I’m working on an automatic summarization system in my C++ class and have a question regarding one of the ASCII comparisons I’m doing. Here’s the code:
char ch;
string sentence;
pair<char, char> sentenceCheck;
int counter = 0;
while (!ifs2.eof())
{
ch = ifs2.get();
ch = tolower(ch);
if (ch == 13)
ch = ifs2.get();
if (ch != 10 && ch != '?' && ch != '!' && ch != '.')
sentence += ch;
sentenceCheck.first = sentenceCheck.second;
sentenceCheck.second = ch;
cout << sentenceCheck.first << "-" << (int)sentenceCheck.first << " ---- " << sentenceCheck.second << "-" << (int)sentenceCheck.second << endl;
if(sentenceCheck.second == ' ' || sentenceCheck.second == 10 || sentenceCheck.second == -1)
{
if(sentenceCheck.first == '?' || sentenceCheck.first == '!' || sentenceCheck.first == '.')
{
istringstream s(sentence);
while(s >> wordInSentence)
{
sentenceWordMap.insert(pair<string, int>(wordInSentence, 0));
}
//sentenceList.push_back(pair<string, int>(sentence, 0));
sentence.clear();
}
}
}
What is being done here (with the two if statements) is checking whether a new sentence has begun in the text that is to be analyzed and dealt with later. The conditionals work but only because we discovered that we have to check for that -1 as well. Any ideas what that represents?

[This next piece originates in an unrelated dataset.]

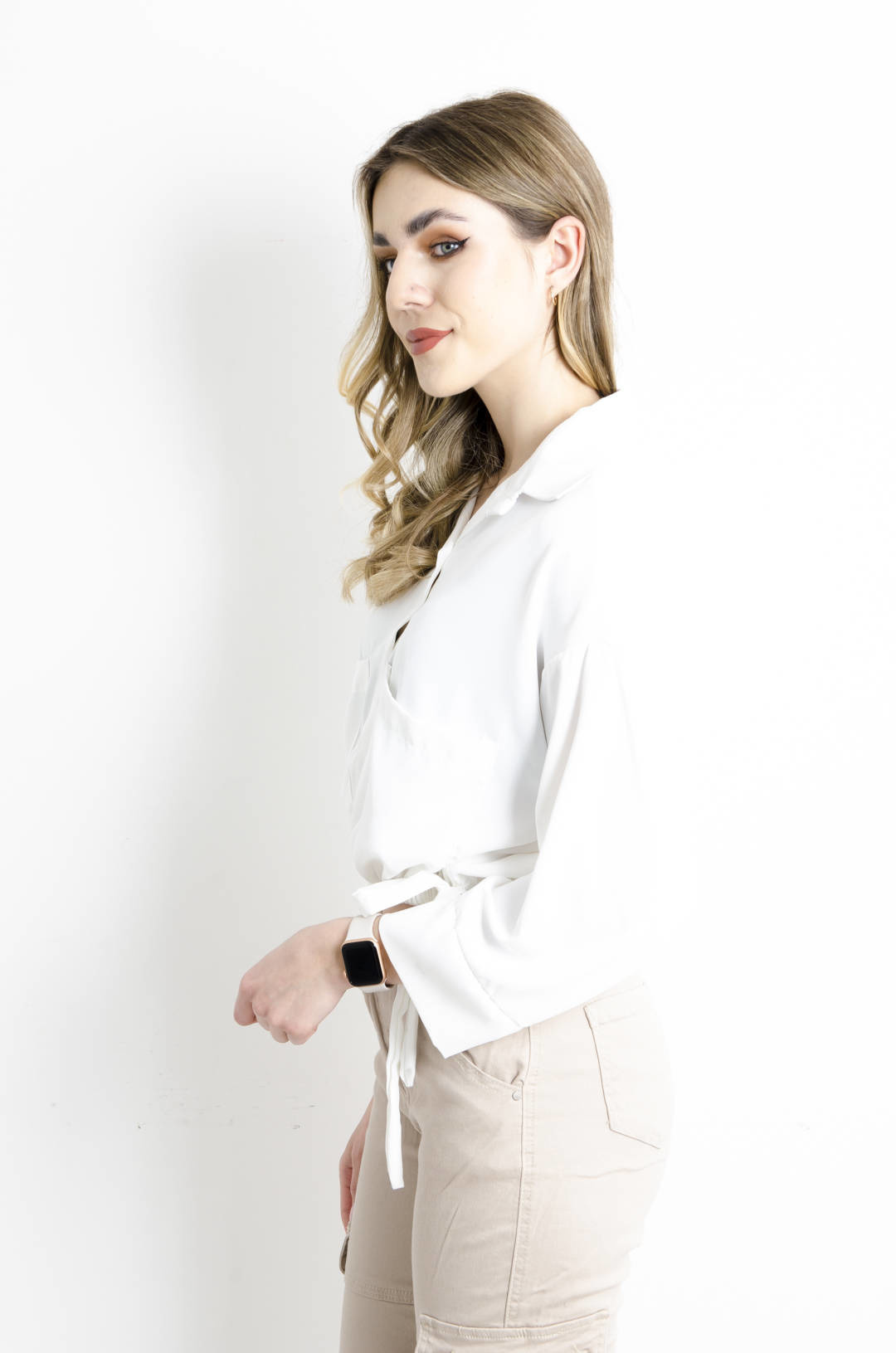 KOSZULA KRÓTKA ZE ŚCIĄGACZEM- BIAŁA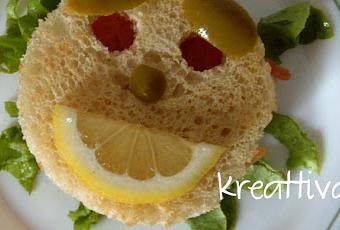 Tramezzino Smile con salmoneIngredientifette pancarrèsalmone affumicatoburro salatolimoneinsalataolive verdiolio d'oliva extraverginesaleHo realizzato con un coppa pasta 2 tondi e con un leva torsoli 2 fori (che serviranno per gli occhietti ) li ho messi su una piastra bella calda, quando si sono grigliati ho spalmato sulle 2 fette del burro ho adagiato sopra le fette di salmone affumicato che avevo messo a marinare per qualche minuto nel limone. Sul fondo del piatto ho messo dell'insalata condita con sale olio e limone, ho completato il tutto decorando con olive verdi e limone, ora non mi resta che mangiarlo e scappare!!!Buon sabato a tutte voi!!!

As an ASCII character -1 doesn’t represent anything (which is to say -1 is not a valid ASCII value). As the return value from get() it means that the read operation failed – most likely due to the end of file being reached.
Note that the eof() function doesn’t return true if the next call to get will fail because of the end of file being reached – it returns true if the previous call to get failed because of the end of file being reached.